And Mr Gauci’s testimony proved to be the single most important element at the Lockerbie trial in Camp Zeist, The Netherlands, to help judges deliver a guilty verdict in January 2001.

But a fresh investigation by the Scottish Criminal Cases Review Commission, a body which investigates potential miscarriages of justice, has shed serious doubts on the credibility of Mr Gauci’s testimony.

The report, published for the first time in Scotland on the Sunday Herald’s website, provides an in-depth analysis of the evidence produced in Mr Megrahi’s trial and information that was withheld from the defence that could have been used to challenge Mr Gauci’s credibility.

The report also confirms media reports over the years, which were never challenged, that Mr Gauci and his brother Paul were compensated by the US State Department for the evidence that helped bring Mr Megrahi to justice.

It highlights excerpts of entries in a diary by Scottish police inspector Harry Bell, who took charge of the investigations in Malta, noting Mr Gauci’s interest in monetary compensation.

The commission found that none of the diary entries and memorandums Mr Bell authored, in which witness compensation was mentioned, were ever passed on to the defence.

Of particular interest was a memorandum Mr Bell drew up on February 21, 1991 for his superiors, six days after Mr Gauci had, for the first time, positively identified Mr Megrahi from a photo.

“During recent meetings with Tony he has expressed an interest in receiving money. It would appear that he is aware of the US reward monies which have been reported in the press,” Mr Bell wrote.

In a statement to the commission in 2006, Mr Gauci denied ever discussing compensation with the police, although he did admit awareness of the US reward money.
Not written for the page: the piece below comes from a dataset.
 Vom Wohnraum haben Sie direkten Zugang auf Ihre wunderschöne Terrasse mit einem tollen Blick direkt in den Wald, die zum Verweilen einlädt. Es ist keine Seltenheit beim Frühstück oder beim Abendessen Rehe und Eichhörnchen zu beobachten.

He also alleged that former Libyan leader Col Muammar Gaddafi had also offered him a handsome reward, which he refused.

But the compensation issue also cropped up in 1999 in an assessment report by the Scottish police on including Mr Gauci and his brother Paul in a witness protection programme. It speaks of Mr Gauci’s “frustration” and Paul’s pushiness to get some form of compensation for the troubles they endured.

Without delving into the merits of whether talk of compensation could have influenced Mr Gauci’s testimony, the review commission said the information should have been disclosed to the defence. It concluded that the information could have been used to question Mr Gauci’s credibility and put into serious difficulty the prosecution’s case against Mr Megrahi.
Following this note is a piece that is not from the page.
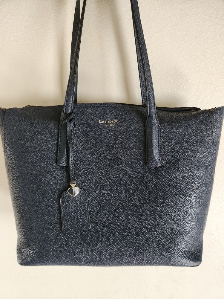 | Product Features | The Kate Spade Margaux Parisian Navy Leather Large Tote is a stylish and versatile handbag perfect for various occasions, including travel, weddings, parties, formal events, work, and casual outings.Made of high-quality leather with a pebbled finish, this trapezoid-shaped tote features a zipper closure, double black leather handles with a 9.5" drop, gold-plated hardware accents, and a charming bag charm.The navy blue exterior color adds a touch of elegance, making it a classic yet trendy accessory for any woman's wardrobe.In great condition. Has some peeling on the side top as shown in pictures. Pen markings inside as shown as well. Any defects are shown. But overall a great purse!⚠️Be a gem! Go check out my other listings on my page! 💎 | ||

But it is in Mr Gauci’s confusion over Mr Megrahi’s identification where the commission feels “a miscarriage of justice” may have occurred.

Pinpointing December 7, 1988 as the day when the clothes sale happened was crucial for the prosecution because it placed Mr Megrahi in Malta. Any other day before this would have exonerated the Libyan.
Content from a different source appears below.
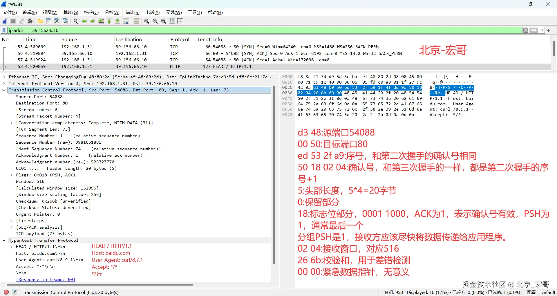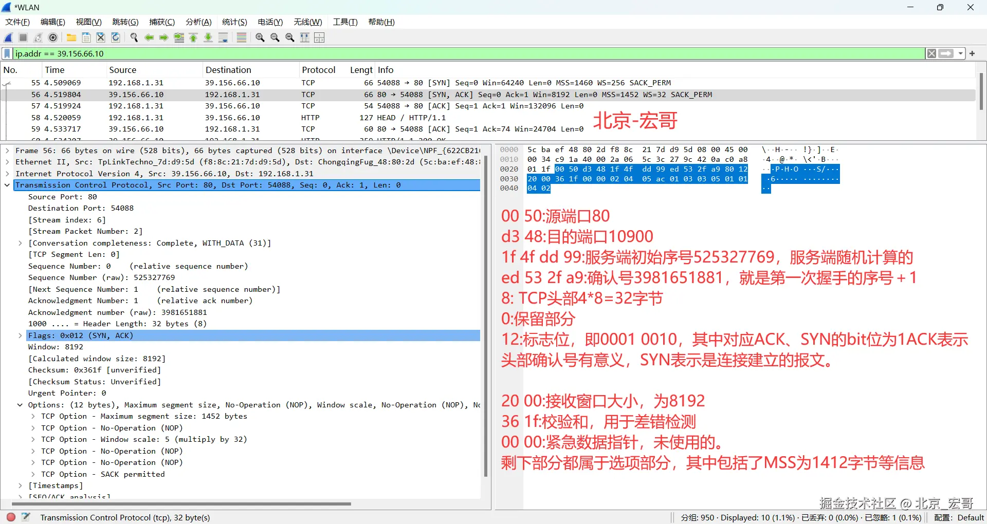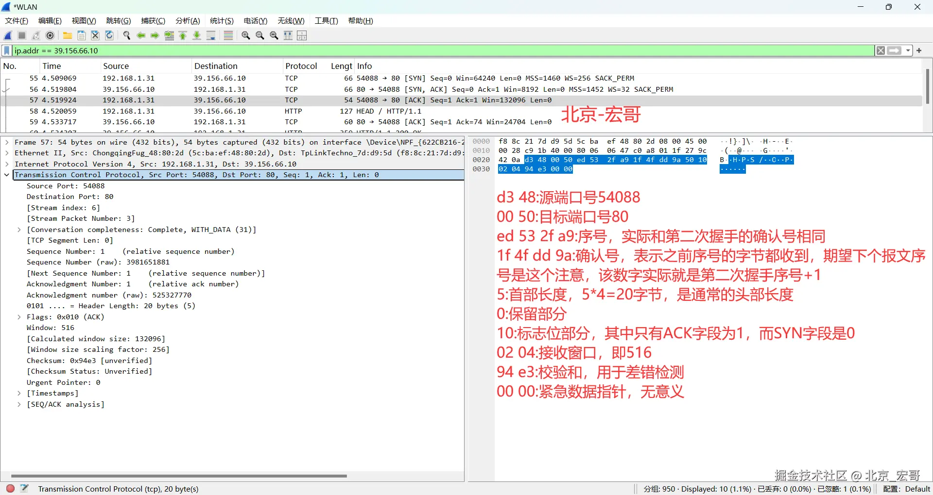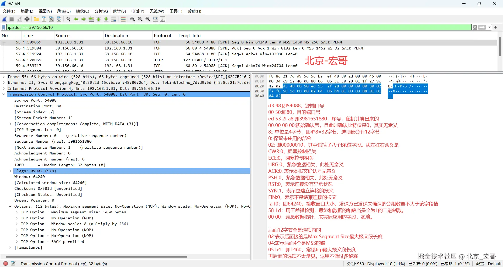 2.从上图可以看出其中39.156.66.10就是度娘的IP地址,后面需要通过这个IP地址,作为wireshark的过滤条件,方便我们找到对应的报文。

Mr Gauci’s testimony in this regard is anything but clear. The only consistent recollection is that on the day he was alone at the shop because his brother Paul was at home watching football.

The only football matches on TV at the time would have been transmitted on RAI, the Italian state television, and would possibly have been linked to European club football matches, putting the day down to a Wednesday.

The prosecution was dilly-dallying between December 7, a Wednesday, and a second day, November 23 – also a Wednesday. But Mr Gauci had also spoken of seeing Christmas decorations “being put up” in the street “a fortnight before Christmas”.

Subsequent research by the defence team, which was never used in the appeal for tactical reasons, revealed that in that year Christmas lights were lit up by then Tourism Minister Michael Refalo on December 6, which means the lights had been “put up” in the preceding weeks.

The court had believed Mr Gauci’s version, even if not solid, as pointing towards December 7 and so incriminating Mr Megrahi.

However, after considering all the evidence before the court on this matter, the review commission concluded there was “no reasonable basis” for the conclusion that the purchase took place on December 7.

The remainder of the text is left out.